Houston Methodist. Leading Medicine

Foot FAQ

Question:

Talk about aching feet. I have bunions on both sides of my feet (lucky me). I've seen other people with big toe bunions but never little toe bunions. Am I unusual?

Answer:

It sounds like you have both bunions and bunionettes. Bunionettes are not as common as bunions. In a recent study on this topic, surgeons found only 30 cases in 21 patients (so some people had bunionettes on both feet) over a 10 year period of time. With a bunion of the big toe, a large bump seems to grow out of the side of the great toe. But in fact what is happening is that the two bones that meet to form the big toe joint angle away from each other. A bump we call a bunion forms at the end of the metatarsal (long bone of the toes). The bunion that develops is actually a response to the pressure from the shoe on the point of this angle. At first the bump is made up of irritated, swollen tissue that is constantly caught between the shoe and the bone beneath the skin.
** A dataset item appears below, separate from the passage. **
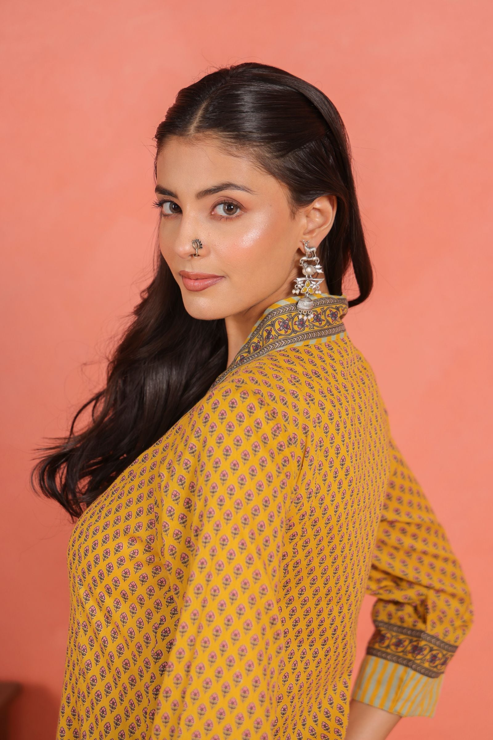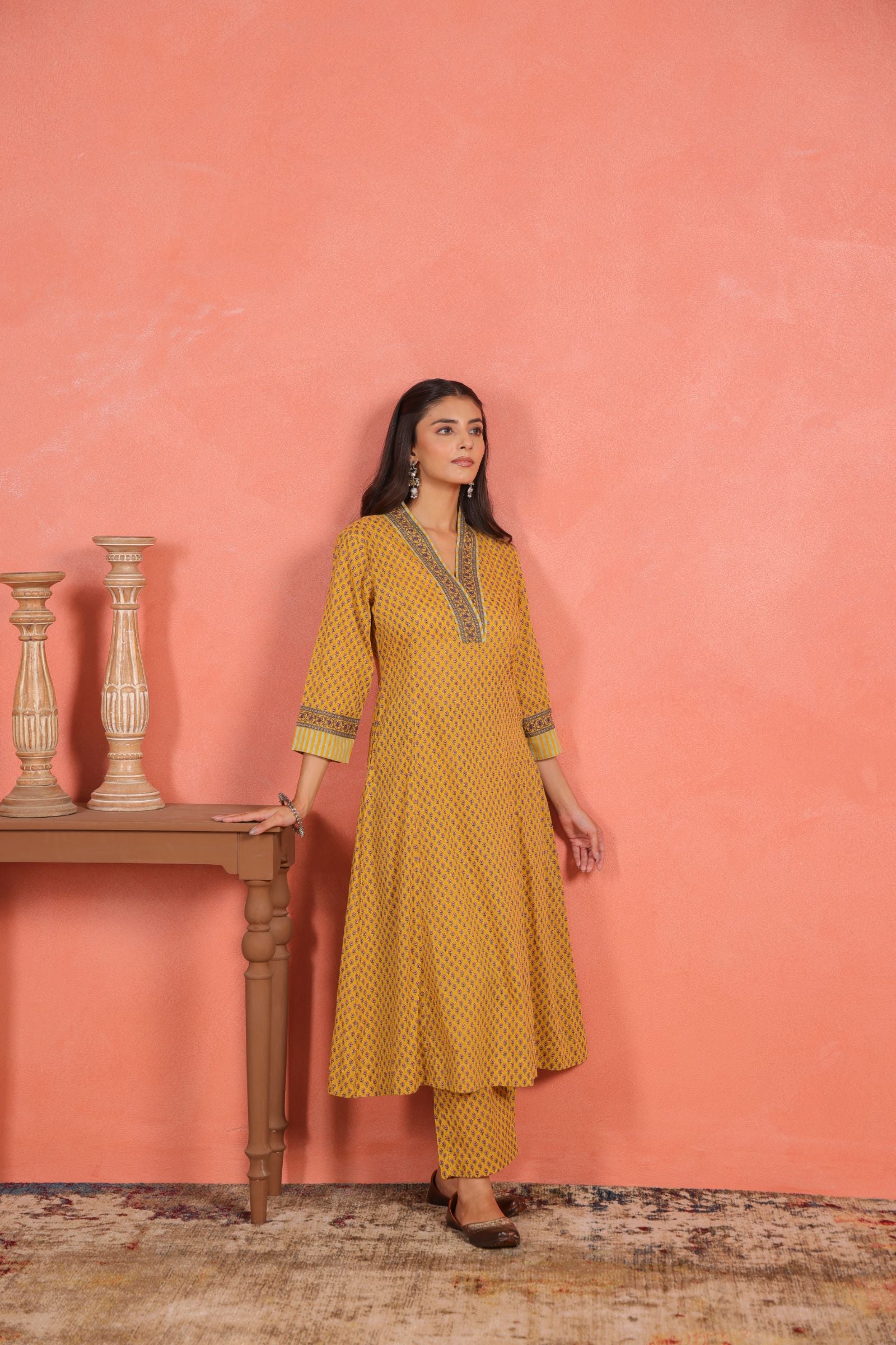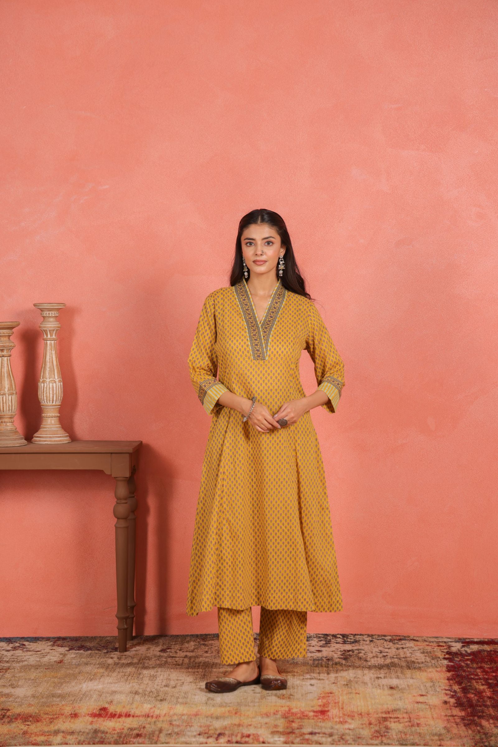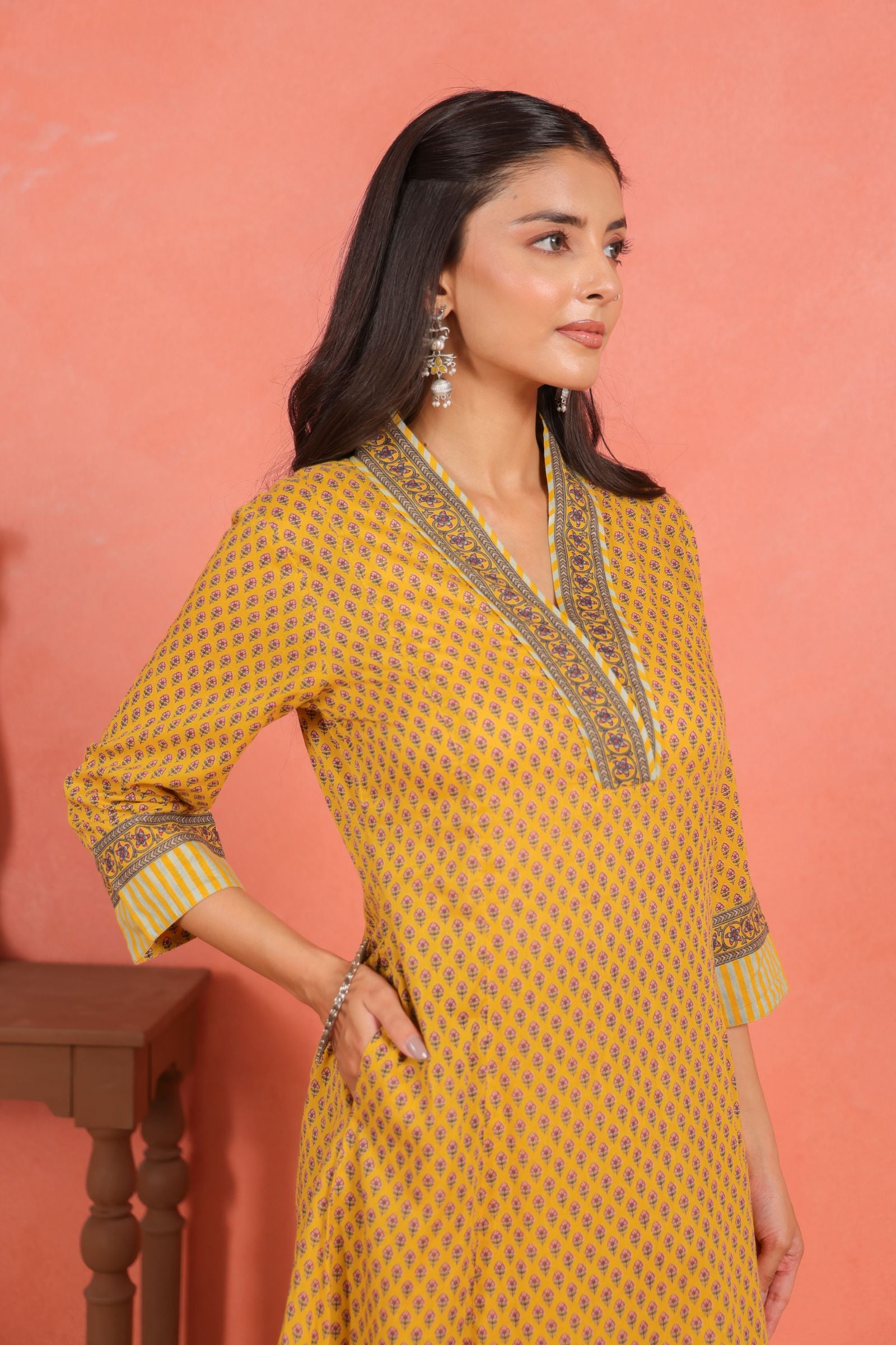 Yellow Cotton Comfort Fit A-Line Kurta with Printed Cotton Pants

As time goes on, the constant pressure may cause the bone to thicken as well, creating an even larger lump to rub against the shoe. A bunionette is similar to a bunion, but it develops on the little toe side of the foot where the small toe connects to the foot. This area is called the metatarsophalangeal joint, or MTP joint. A bunionette here is sometimes referred to as a tailor's bunion. It formed because tailors once sat cross-legged all day with the outside edge of their feet rubbing on the ground. This produced a pressure area and callus at the bottom of the fifth toe. Today a bunionette is most likely caused by an abnormal bump over the end of the fifth metatarsal (the metatarsal head) rubbing on shoes that are too narrow. Some people's feet widen as they grow older, until the foot splays. This can cause a bunion on the big toe side of the foot and a bunionette on the little toe side if they continue to wear shoes that are too narrow. The constant pressure produces a callus and a thickening of the tissues over the bump, leading to a painful knob on the outside of the foot. Bruno Magnan, MD, et al. Percutaneous Distal Osteotomy of the Fifth Metatarsal for Correction of Bunionette. In The Journal of Bone and Joint Surgery. November 16, 2011. Vol. 93-A. No. 22. Pp. 2116-2122.

*Disclaimer:* The information contained herein is compiled from a variety of sources. It may not be complete or timely. It does not cover all diseases, physical conditions, ailments or treatments. The information should NOT be used in place of visit with your healthcare provider, nor should you disregard the advice of your health care provider because of any information you read in this topic.